2004 marked the end of an era in Republican politics. It was the last presidential campaign in which the GOP candidate, President George W. Bush, can be considered pro-immigration. Earlier in the year, he unveiled his comprehensive immigration reform package which called for legalizing millions and putting them on a pathway to citizenship and also reforming the legal immigration system to make it easier for low skilled and high skilled immigrants to come to the country.
In 2008 and 2012, John McCain and Mitt Romney abandoned comprehensive immigration reform and instead turned to an enforcement message. Secure the borders and deport the undocumented. But both were insistent that they supported legal immigration.

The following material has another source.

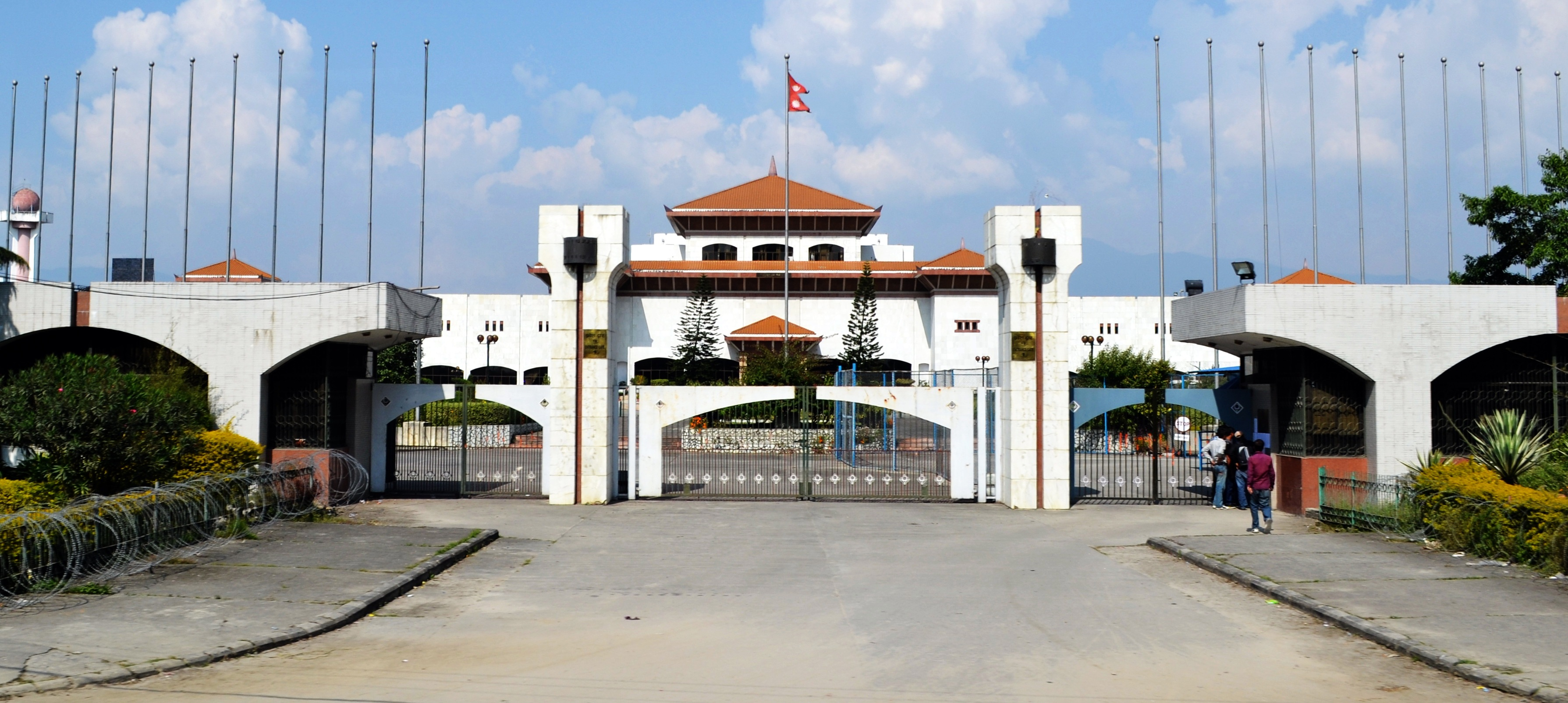 Birendra International Convention Centre, an international state of the art convention center in Nepal.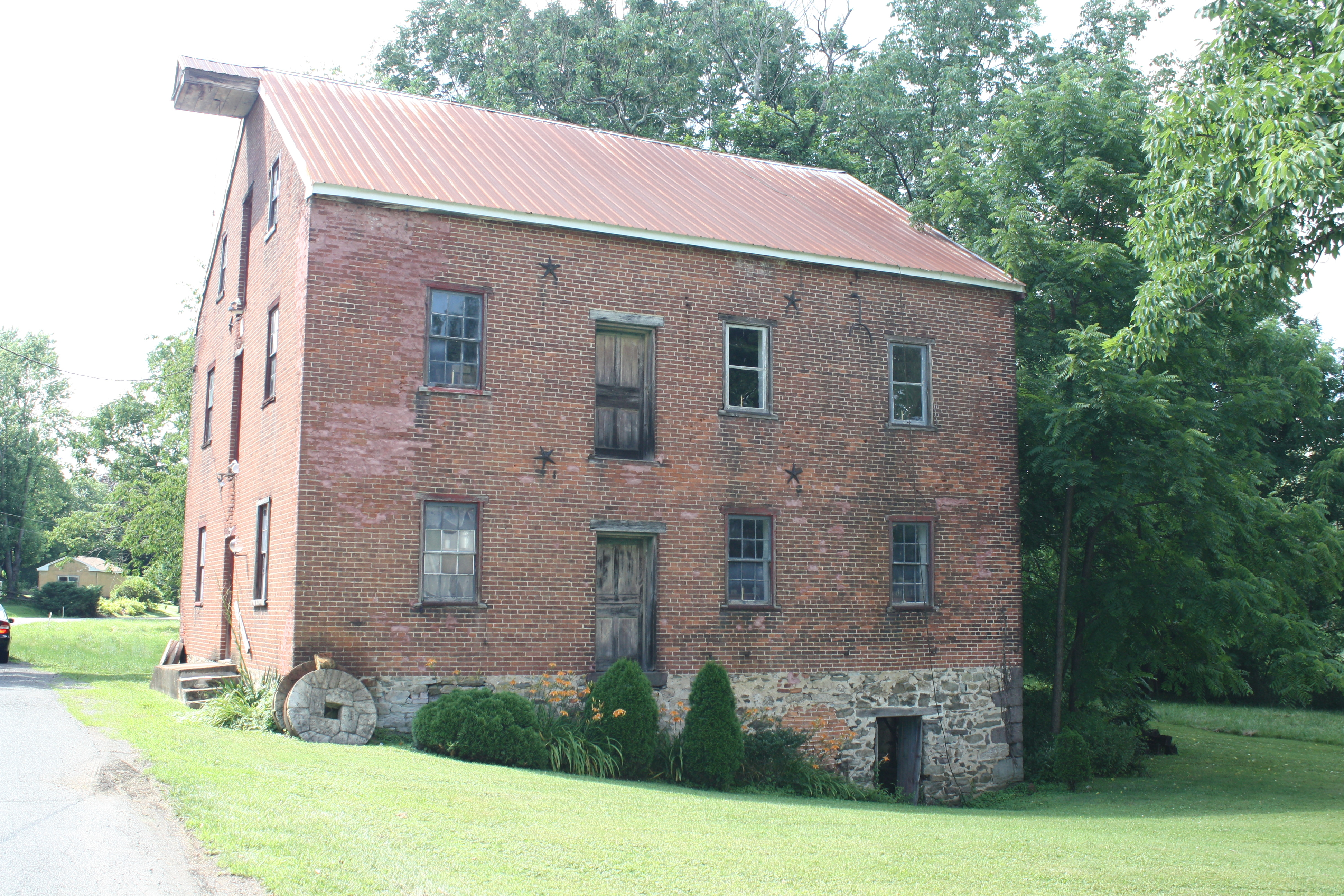 Nicholas Johnson Mill, also known as Schollenberger Mill, is a historic grist mill located in Colebrookdale Township, Berks County, Pennsylvania. Mill (1861).

2012’s two Republican frontrunners – Donald Trump and Ted Cruz – have a broader anti-immigration message that goes well beyond enforcement. Trump, of course, has been getting the headlines for his message of mass deportations and building a border wall (that he’ll force Mexico to pay for). He also opposes birthright citizenship. And despite Trump’s coming from the business world, he’s taking restrictive positions on legal immigration as well, calling for tighter rules on non-immigrant visas and a complete pause on issuing green cards until the US unemployment rate drops sufficiently.
Ted Cruz has been taking tough immigration positions for quite some time, but until recently has had taken strongly pro-legal immigration positions, particularly when it comes to high skilled workers. Cruz has now completely reversed himself and has just released a document calling for dramatic new restrictions in the H-1B program and the end of Optional Practical Training for F-1 students, something that will likely decimate university graduate departments. He would also kill the green card lottery without re-allocating those green cards to other categories.
The Republican Party has been in turmoil this election cycle. You just have to watch the news to know that. But the fact that the leading candidates have completely abandoned the long-stated position that immigration is good, just not illegal immigration, is a true break with the past.
Is this a winning strategy? Perhaps it is for getting the Republican nomination. But it’s in sharp contrast to the Democrats and broader public opinion. There doesn’t seem a way to make this work unless public opinion changes sharply.